The plan explicitly recognises the electrocommunity layer as critical. They’re backing partnerships between councils and community energy groups, developing “community energy in a box” toolkits, and exploring smart local energy systems that let neighbourhoods share power and access flexibility markets.
What’s particularly encouraging is the bottom-up approach. Westminster isn’t just dictating solutions, it’s enabling communities to shape their own energy futures, with the government creating the conditions for success rather than imposing targets from above.
Building the UK Electrostate
An electrostate isn’t built top-down through government decree alone. It’s constructed by aligning incentives across every layer so that what’s good for the electrohome is good for the electrocommunity is good for the electromunicipality is good for the nation.

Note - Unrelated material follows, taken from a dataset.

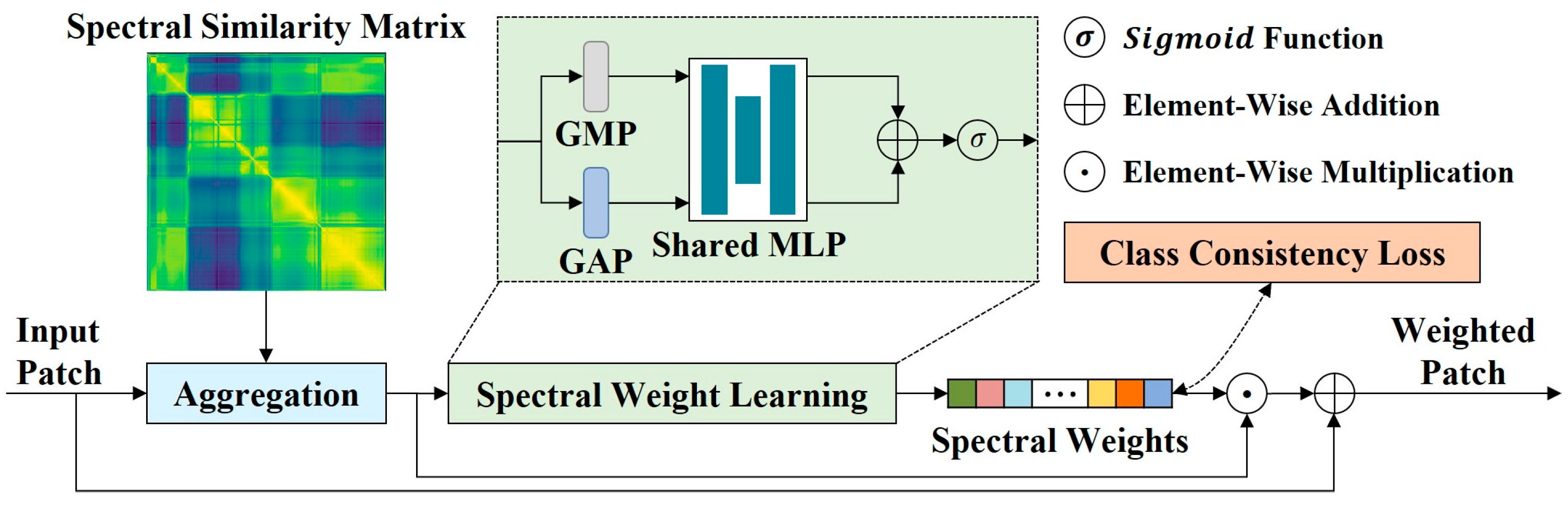 The framework of CSWM. CSWM is composed of an aggregation operation, a spectral wight learning block, and a class consistency loss function. The aggregation operation smooths the spectral information differences between intra-class input patches. The spectral weight learning block performs adaptive spectral weighting. The class consistency loss function is used to learn the spectral weight centers of different ground objects and generate class-specific spectral weights.

China demonstrates one model: centralised target-setting and industrial policy. But the UK is now pursuing a different path: enabling rather than commanding, supporting rather than imposing. The Local Power Plan shows how democracies can build electrostates through market mechanisms, local democracy, cooperative ownership, and community engagement.
The key insight is that energy is too important to remain purely a commodity market. Nations that treat electrical infrastructure as strategic, develop domestic capacity, and organise citizens as participants rather than consumers will have decisive advantages over those that don’t.
The electrostate isn’t coming because of climate activism. It’s coming because it makes economic and strategic sense. The UK has just taken the first serious step toward building one the democratic way: from the bottom up, community by community. Climate benefits are just the upside.